Jan 8, 2014; Seattle, WA, USA; Washington Huskies guard Nigel Williams-Goss (5) dribbles towards the basket while being guarded by Utah Utes forward Princeton Onwas (3) during the first half at Alaska Airlines Arena at Hec Edmundson Pavili. Mandatory Credit: Steven Bisig-USA TODAY Sports

Solving the Washington-Gonzaga Civil War in Men's Basketball

The ongoing battle by various parties in the state of Washington to get the Husky men’s basketball program and Gonzaga men’s basketball program playing each other again has gone for way too long. These teams have not played since 2006-07.

This long of a civil war because of personal differences over the recruitment of Josh Heytvelt needs to be water under the bridge in the year 2014. For Washington, as attendance has declined at Alaska Airlines Arena coinciding with the declining play on the court they need a game every other with Gonzaga.

A visit from the Bulldogs would be a virtual sellout without any trouble and bring a fantastic vibe to Alaska Airlines Arena for a nationally televised game between the two schools.

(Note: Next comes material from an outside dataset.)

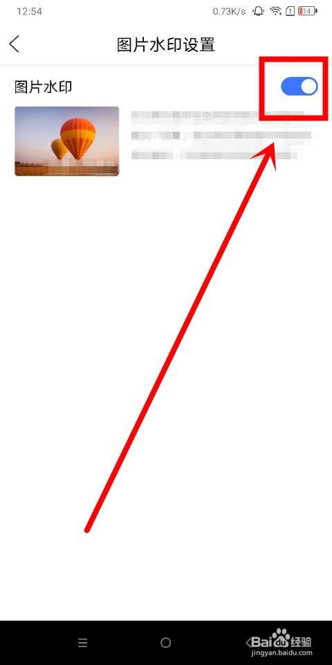 5.在图片水印设置页面中点击开关按钮将其打开。

Also, Husky fans and the basketball program need to understand that playing the Bulldogs and pushing themselves against top flight competition is what competition is all about.

In regard to Gonzaga, while their program and the fans think they have the pedigree of a Duke, Kansas, or Kentucky and don’t need Washington on the schedule.  The reality is they do and need to understand their place in the big picture of college basketball. That place in the big picture is one of a strong program that will never get out of the West Coast Conference.

It is one thing for the Bulldogs to try and push schools like in Washington State into a terribly negotiated deal where the Cougars gave up their 2014 home game and moved it to Spokane. This was a byproduct of an ultimatum given by Gonzaga to play the game in Spokane or not at all.

But for the Husky athletic department this should not be necessary to restart this rivalry as if this program is as powerful as its thinks is then there is no reason to do not have a 1-1-1 format to this series.

These two schools should rotate between each others home courts for a year. For the third game it should be played at Key Arena. Moreover, for the Key Arena game split the tickets  in half. This would create a visual on television that  would be similar to the Oklahoma-Texas Red River Shootout.

The bottom line is the last thing fans of both schools should seriously ask themselves is do you really want the politicians in the State of Washington to intervene on an issue like this. The political leaders in the state of Washington have a hard enough time running the state without getting involved with sports issues.

These two schools have strong enough leadership that their is no reason to find a common ground that lines the pockets of both schools very nicely.  Thus, let’s be honest at the end of the day these two programs can hate each other. However, they both can resume this rivalry by making this worth their while financially.